## [PROBLEM TO SOLVE]
Beginning with the line below that contains "新计,指的是端侧智能计算,通" and ending with the line that contains "Roses have been", retype every line exactly. Pictures are not copied.

Start of RECORDS TO PROCESS

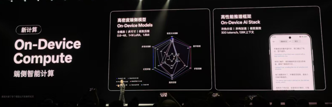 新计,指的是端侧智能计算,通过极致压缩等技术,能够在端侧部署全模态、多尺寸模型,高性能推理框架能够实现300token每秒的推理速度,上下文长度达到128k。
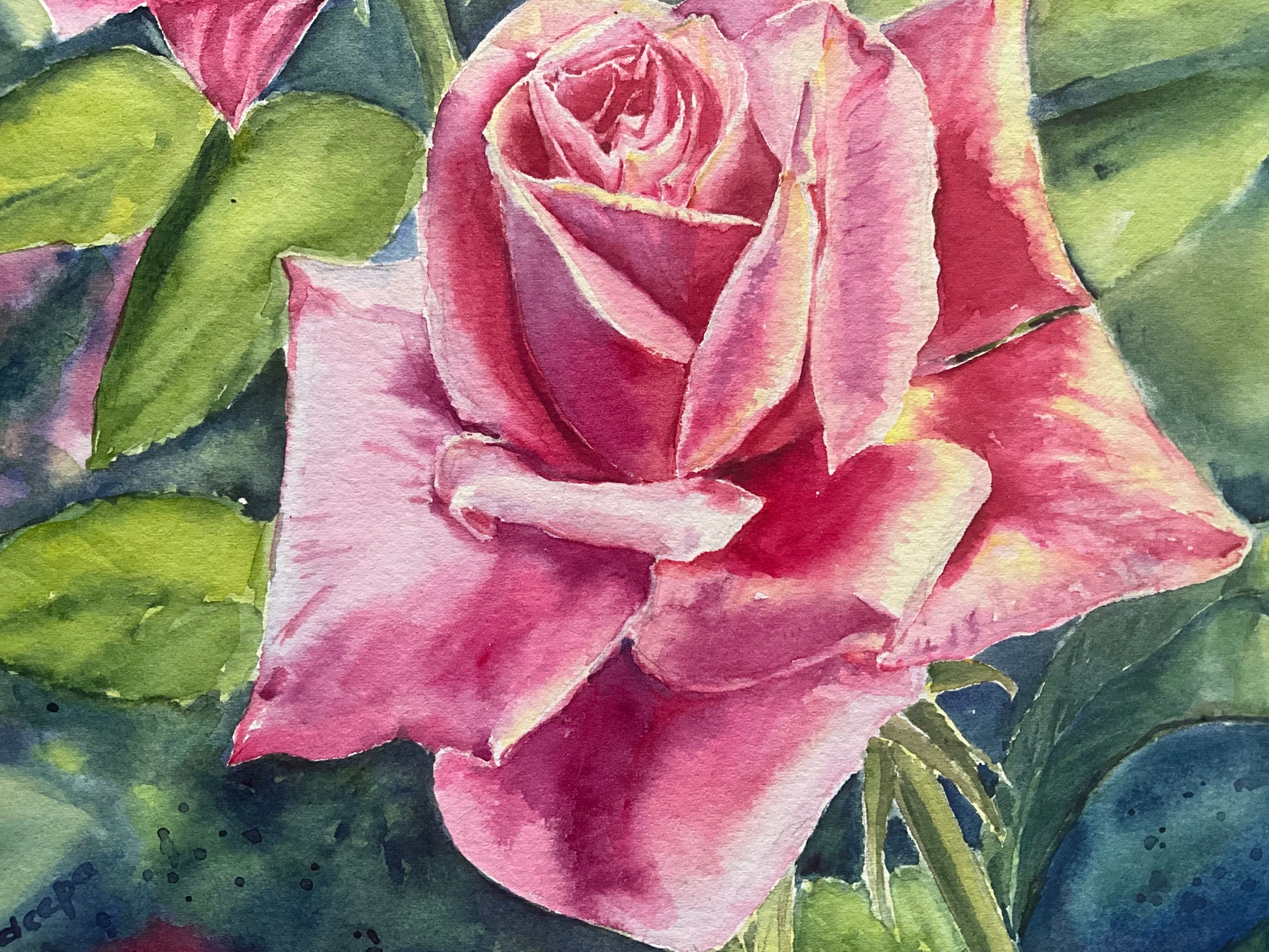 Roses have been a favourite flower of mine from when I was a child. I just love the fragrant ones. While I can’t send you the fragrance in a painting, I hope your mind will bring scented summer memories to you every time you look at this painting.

End of RECORDS TO PROCESS
Start of RECORDS TO PROCESS

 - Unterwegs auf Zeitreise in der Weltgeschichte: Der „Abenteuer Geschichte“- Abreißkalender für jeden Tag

End of RECORDS TO PROCESS

## [YOUR SOLUTION]
 新计,指的是端侧智能计算,通过极致压缩等技术,能够在端侧部署全模态、多尺寸模型,高性能推理框架能够实现300token每秒的推理速度,上下文长度达到128k。
 Roses have been a favourite flower of mine from when I was a child. I just love the fragrant ones. While I can’t send you the fragrance in a painting, I hope your mind will bring scented summer memories to you every time you look at this painting.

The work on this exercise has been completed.